▶ _TASK BRIEF_:
Every picture is to be removed, and all the data is to be copied exactly.

▶ _EXTRACTED RECORDS_:
::::::

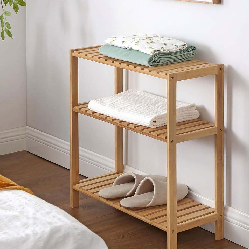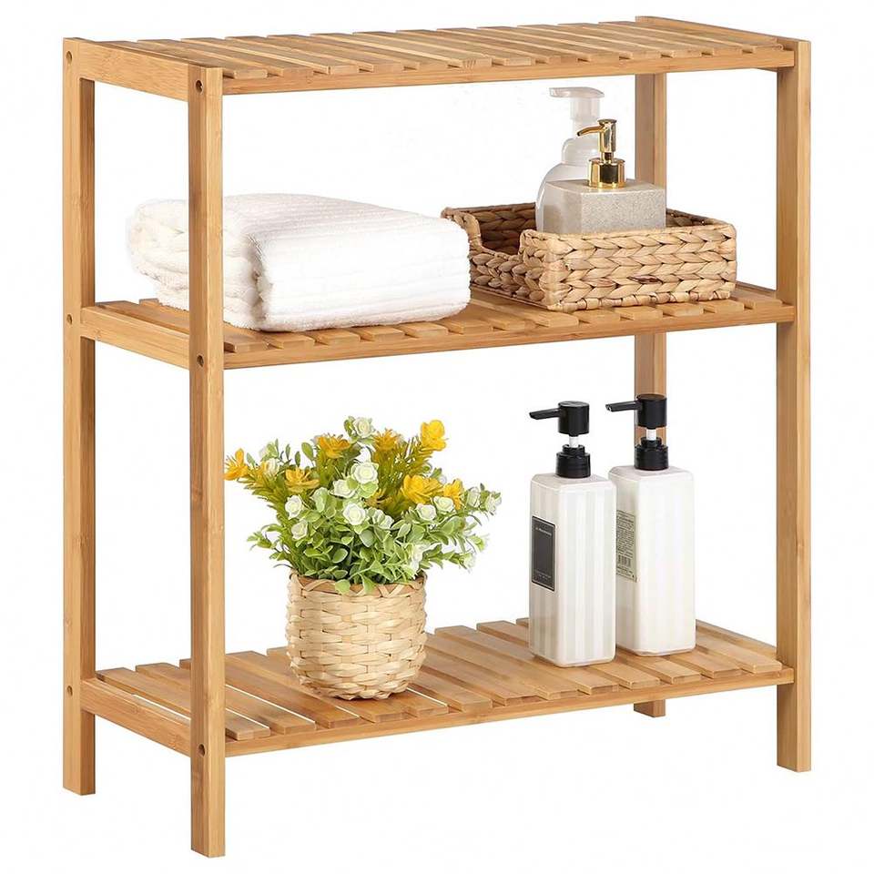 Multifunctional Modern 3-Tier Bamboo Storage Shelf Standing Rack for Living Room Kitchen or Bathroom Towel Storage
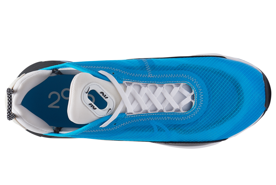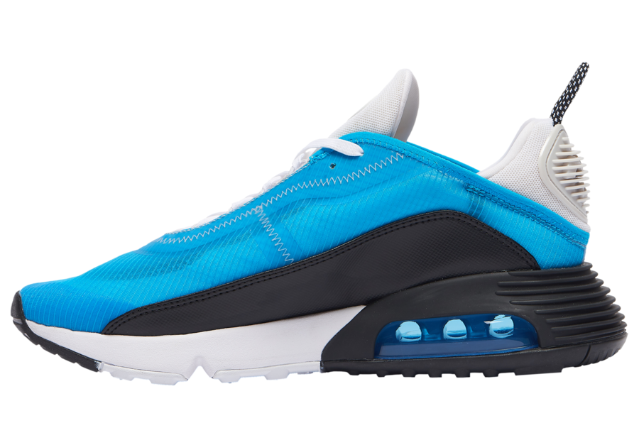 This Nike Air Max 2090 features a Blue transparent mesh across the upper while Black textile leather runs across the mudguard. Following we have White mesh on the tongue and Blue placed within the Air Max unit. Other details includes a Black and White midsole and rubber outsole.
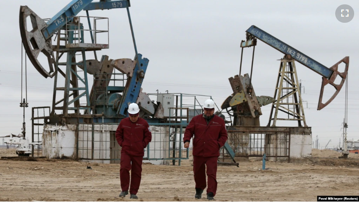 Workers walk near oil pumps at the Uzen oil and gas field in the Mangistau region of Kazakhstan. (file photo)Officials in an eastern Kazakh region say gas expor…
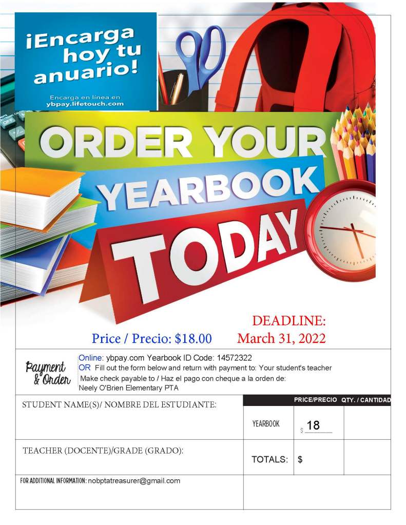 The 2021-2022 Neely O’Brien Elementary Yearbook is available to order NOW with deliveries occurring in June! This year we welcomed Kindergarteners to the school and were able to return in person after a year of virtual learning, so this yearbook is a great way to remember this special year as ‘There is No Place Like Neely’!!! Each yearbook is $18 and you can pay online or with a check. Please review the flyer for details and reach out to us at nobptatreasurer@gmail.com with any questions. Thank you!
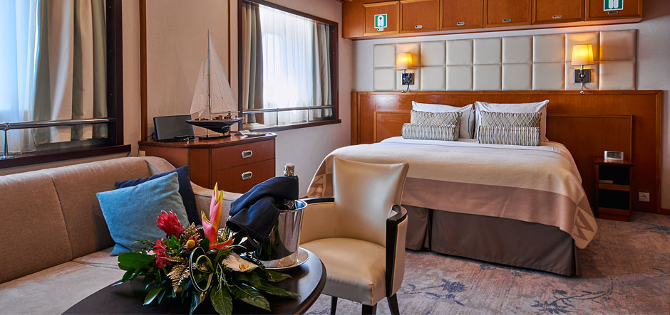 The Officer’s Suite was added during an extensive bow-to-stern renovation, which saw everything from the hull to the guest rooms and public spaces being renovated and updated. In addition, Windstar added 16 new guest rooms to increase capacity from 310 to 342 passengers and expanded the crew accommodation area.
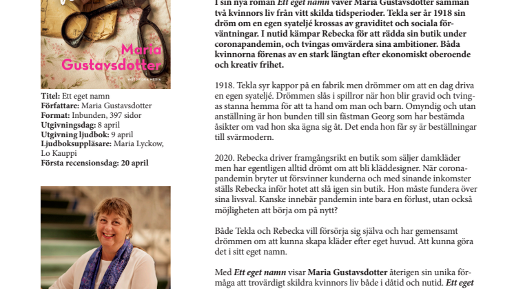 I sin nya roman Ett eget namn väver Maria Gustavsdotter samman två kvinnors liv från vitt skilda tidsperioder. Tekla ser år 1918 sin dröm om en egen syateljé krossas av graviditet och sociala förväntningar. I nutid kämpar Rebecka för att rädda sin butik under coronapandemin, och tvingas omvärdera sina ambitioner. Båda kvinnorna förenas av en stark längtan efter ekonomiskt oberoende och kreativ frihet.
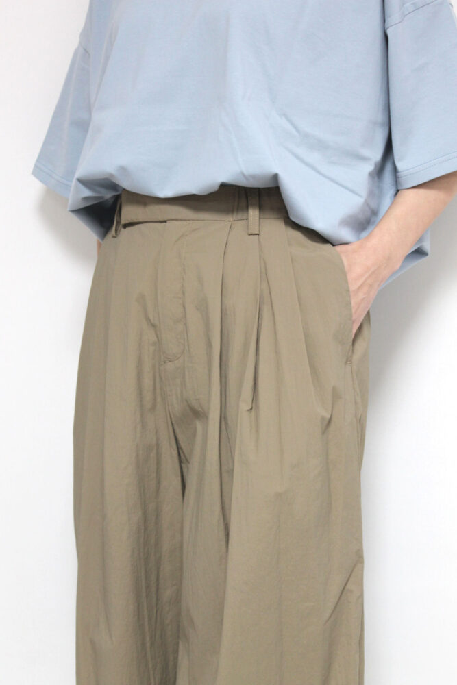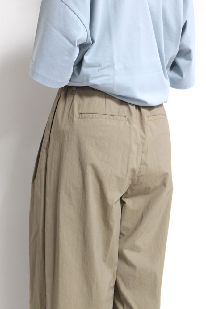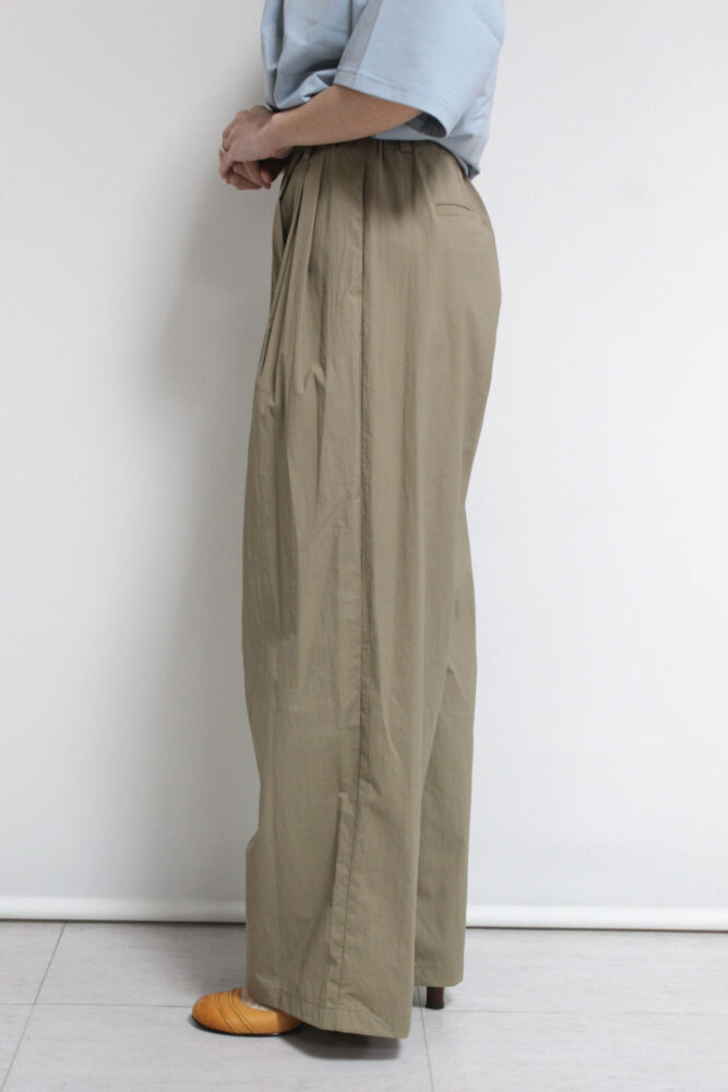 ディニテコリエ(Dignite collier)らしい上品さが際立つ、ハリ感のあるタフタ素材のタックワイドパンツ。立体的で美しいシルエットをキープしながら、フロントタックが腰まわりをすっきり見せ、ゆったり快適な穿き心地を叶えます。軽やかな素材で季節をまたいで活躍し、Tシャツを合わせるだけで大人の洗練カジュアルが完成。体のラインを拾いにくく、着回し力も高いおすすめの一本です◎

::::::

▶ _THE ANSWER_:
 Multifunctional Modern 3-Tier Bamboo Storage Shelf Standing Rack for Living Room Kitchen or Bathroom Towel Storage
 This Nike Air Max 2090 features a Blue transparent mesh across the upper while Black textile leather runs across the mudguard. Following we have White mesh on the tongue and Blue placed within the Air Max unit. Other details includes a Black and White midsole and rubber outsole.
 Workers walk near oil pumps at the Uzen oil and gas field in the Mangistau region of Kazakhstan. (file photo)Officials in an eastern Kazakh region say gas expor…
 The 2021-2022 Neely O’Brien Elementary Yearbook is available to order NOW with deliveries occurring in June! This year we welcomed Kindergarteners to the school and were able to return in person after a year of virtual learning, so this yearbook is a great way to remember this special year as ‘There is No Place Like Neely’!!! Each yearbook is $18 and you can pay online or with a check. Please review the flyer for details and reach out to us at nobptatreasurer@gmail.com with any questions. Thank you!
 The Officer’s Suite was added during an extensive bow-to-stern renovation, which saw everything from the hull to the guest rooms and public spaces being renovated and updated. In addition, Windstar added 16 new guest rooms to increase capacity from 310 to 342 passengers and expanded the crew accommodation area.
 I sin nya roman Ett eget namn väver Maria Gustavsdotter samman två kvinnors liv från vitt skilda tidsperioder. Tekla ser år 1918 sin dröm om en egen syateljé krossas av graviditet och sociala förväntningar. I nutid kämpar Rebecka för att rädda sin butik under coronapandemin, och tvingas omvärdera sina ambitioner. Båda kvinnorna förenas av en stark längtan efter ekonomiskt oberoende och kreativ frihet.
 ディニテコリエ(Dignite collier)らしい上品さが際立つ、ハリ感のあるタフタ素材のタックワイドパンツ。立体的で美しいシルエットをキープしながら、フロントタックが腰まわりをすっきり見せ、ゆったり快適な穿き心地を叶えます。軽やかな素材で季節をまたいで活躍し、Tシャツを合わせるだけで大人の洗練カジュアルが完成。体のラインを拾いにくく、着回し力も高いおすすめの一本です◎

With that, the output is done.